IJCAI Conference 2019 Conference Paper

Attributed Graph Clustering: A Deep Attentional Embedding Approach

  • Chun Wang
  • Shirui Pan
  • Ruiqi Hu
  • Guodong Long
  • Jing Jiang
  • Chengqi Zhang

Graph clustering is a fundamental task which discovers communities or groups in networks. Recent studies have mostly focused on developing deep learning approaches to learn a compact graph embedding, upon which classic clustering methods like k-means or spectral clustering algorithms are applied. These two-step frameworks are difficult to manipulate and usually lead to suboptimal performance, mainly because the graph embedding is not goal-directed, i. e. , designed for the specific clustering task. In this paper, we propose a goal-directed deep learning approach, Deep Attentional Embedded Graph Clustering (DAEGC for short). Our method focuses on attributed graphs to sufficiently explore the two sides of information in graphs. By employing an attention network to capture the importance of the neighboring nodes to a target node, our DAEGC algorithm encodes the topological structure and node content in a graph to a compact representation, on which an inner product decoder is trained to reconstruct the graph structure. Furthermore, soft labels from the graph embedding itself are generated to supervise a self-training graph clustering process, which iteratively refines the clustering results. The self-training process is jointly learned and optimized with the graph embedding in a unified framework, to mutually benefit both components. Experimental results compared with state-of-the-art algorithms demonstrate the superiority of our method.

AAMAS Conference 2007 Conference Paper

A Winner Determination Algorithm for Auction-Based Decentralized Scheduling

  • Chun Wang
  • Hamada H. Ghenniwa
  • Weiming Shen

This paper presents a formulation and an algorithm for the winner determination problem in auction-based decentralized scheduling.
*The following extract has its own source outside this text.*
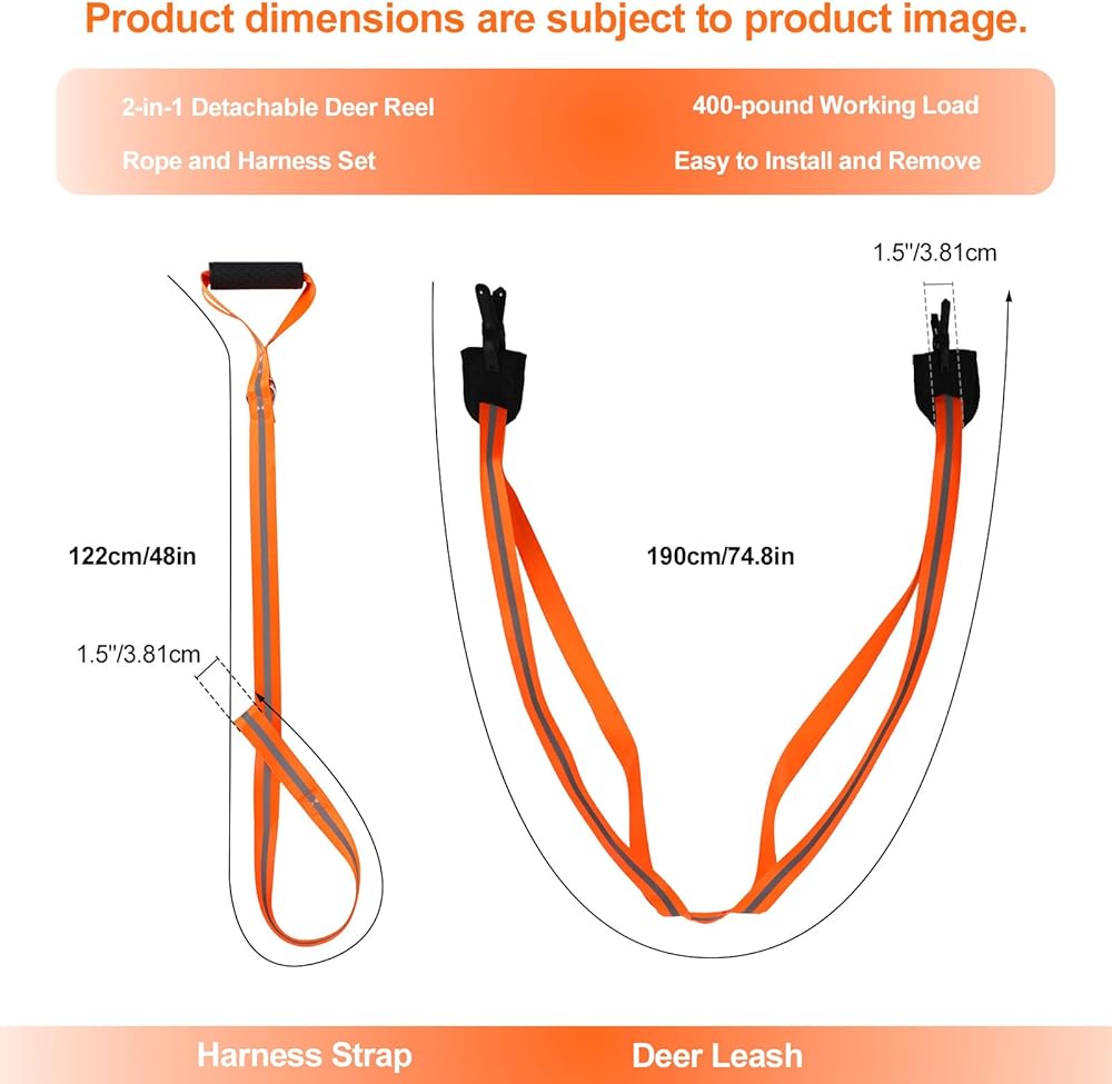 Product Size: The harness strap is 190cm/74.8in in length and the deer strap is 122cm/48in in length, long enough to meet your needs. With a width of 1.5in/3.81cm, the deer drag rope decreases pressure during use.

Without imposing a time line discretization, the proposed approach allows bidders to bid for the processing of a set of tasks under release time and due date constraints using an expressive bidding language designed for decentralized scheduling. The proposed winner determination algorithm uses a depth first branch and bound search. The search branches on bids and a constraint directed scheduling procedure is used at each node to verify the feasibility of the allocation. Experiments against a commercial optimization package, CPLEX 10. 0, show that the proposed algorithm is more than an order of magnitude faster on average over a set of winner determination problems of decentralized scheduling generated based on a suite of job shop constraint satisfaction benchmark problems previously developed in the literature.